Person’s correlation estimates between leaf and leaflet damage with the number of mines on the leaf, number of holes on the stem, and fruit were positive and significant (Table 5). Overall plant damage also had positive and significant estimates of correlation with leaf damage (r = 0.76), leaflet damage (r = 0.78), number of mines on the leaf (r = 0.10), number of holes on the stem (r = 0.10), and number of holes on the fruit (r = 0.73) (Table 5). The number of holes on the fruit had positive and significant correlations with the number of mines on the leaf (r = 0.75) and number of holes on the stem (r = 0.74) (Table 5). The number of holes on the stem had positive and significant correlation with the number of mines on the leaf (r = 0.10) (Table 5).

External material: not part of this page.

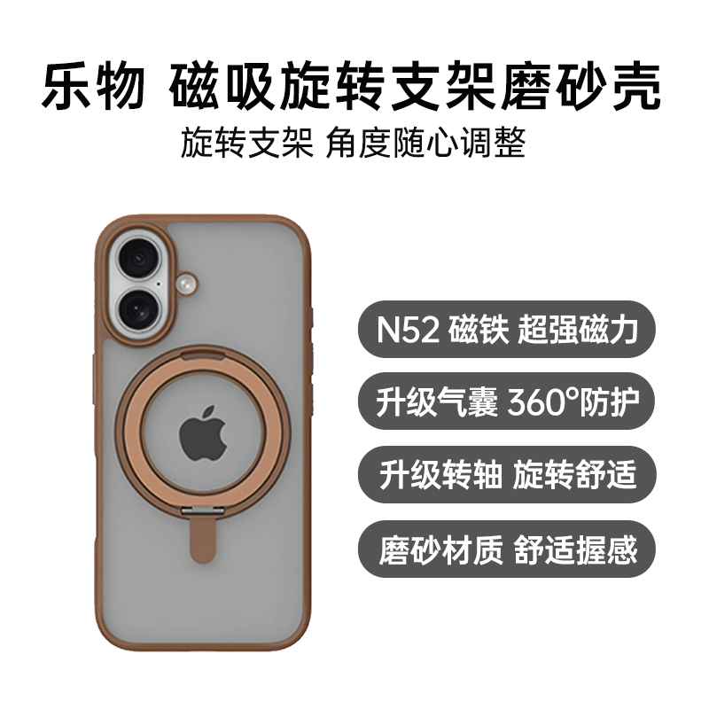 乐物 iPhone 16 MagSafe 磨砂磁吸 旋转支架保护壳 金色 金属支架,超强支撑力 ,升级气囊,360°防护

Stepwise regression is an automated tool used in the exploratory stages of model building to identify a useful subset of predictors. The process systematically adds the most significant variable or removes the least significant variable during each step. In order to remove the effect of non-effective characteristics in the regression model on grain yield, stepwise regression was used. The results of the stepwise regression analysis are presented in Table 6. The number of mines on the leaf (x4) was the variable that best explained overall plant damage at day 60 after infestation (y) as shown by stepwise regression (Table 6). The total number of trichomes on the stem (x1) was the second variable that exerted influence on overall plant damage. Parameter estimates showed that the number of mines on the leaf had positive significant effect, while the number of trichomes on the stem negatively affected overall plant damage at day 60 (Table 6).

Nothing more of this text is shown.